What the task requires – I need the lines from the one holding "现在进来是base环境,但是我峨嵋你要用的是envi1,所有先激活一下,然后的口令是Python 中安装一个新的 IPython" to the last line of the data below repeated exactly, both included, without pictures.

Extracted records –
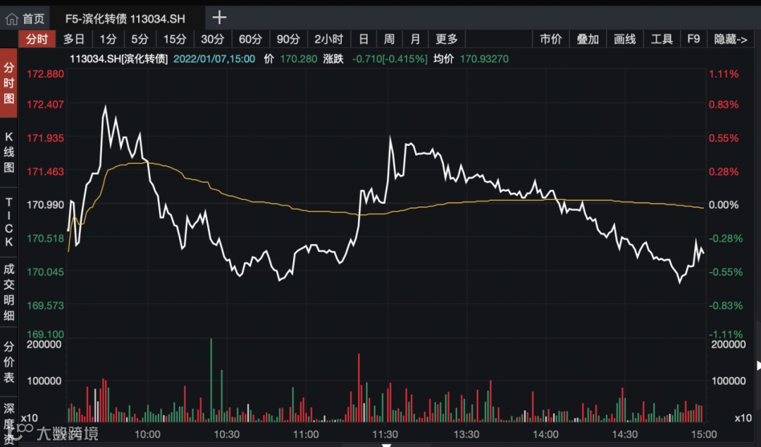 1月7日,滨化转债小幅下跌0.42%,收盘报170.28元。以此计算,如果投资者不及时转股或者卖出,转债被强制赎回的话,每张将损失69.902元,损失比例高达41%。
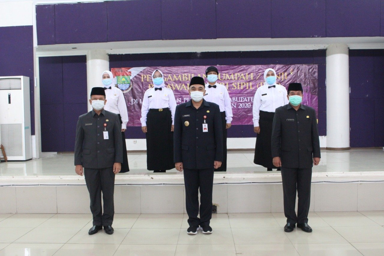 SIN – Sebanyak 35 Bidan Kementerian Kesehatan di Lingkungan Pemerintah Kabupaten Tangerang menjalani prosesi Pengambilan Sumpah/Janji Pegawai Negeri Sipil (PNS), di Gedung Serba Guna (GSG) Kabupaten Tangerang, Senin (26/10/20)
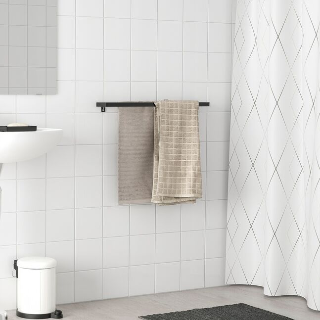 Чистый дизайн с дерзким выражением в черном цвете. Серия SKOGSVIKEN предлагает умные способы организовать пространство и привнести в ванную комнату немного стиля.
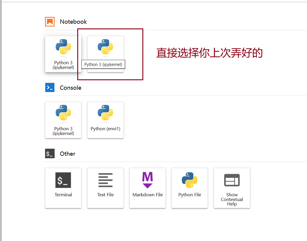现在进来是base环境,但是我峨嵋你要用的是envi1,所有先激活一下,然后的口令是Python 中安装一个新的 IPython 内核,并且将这个内核与 Jupyter Notebook 或 Jupyter Lab 关联起来
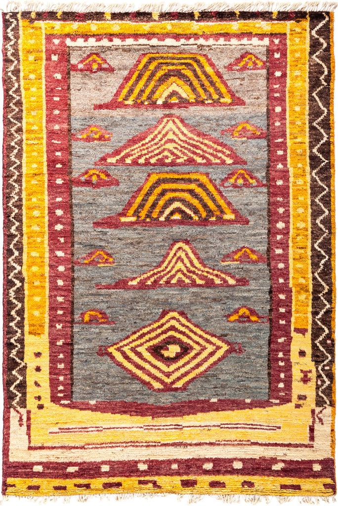These area rugs resemble traditional Persian style tribal village designs. These rugs are bold, striking and colorful. South Persian tribal pieces, true Ziegler Sultanabads, and almost any non-urban Iranian weaving has been interpreted and creatively adapted. These carpets are directly appealing and therefore work well in any context, overall style or period.

Solved problem –
现在进来是base环境,但是我峨嵋你要用的是envi1,所有先激活一下,然后的口令是Python 中安装一个新的 IPython 内核,并且将这个内核与 Jupyter Notebook 或 Jupyter Lab 关联起来
These area rugs resemble traditional Persian style tribal village designs. These rugs are bold, striking and colorful. South Persian tribal pieces, true Ziegler Sultanabads, and almost any non-urban Iranian weaving has been interpreted and creatively adapted. These carpets are directly appealing and therefore work well in any context, overall style or period.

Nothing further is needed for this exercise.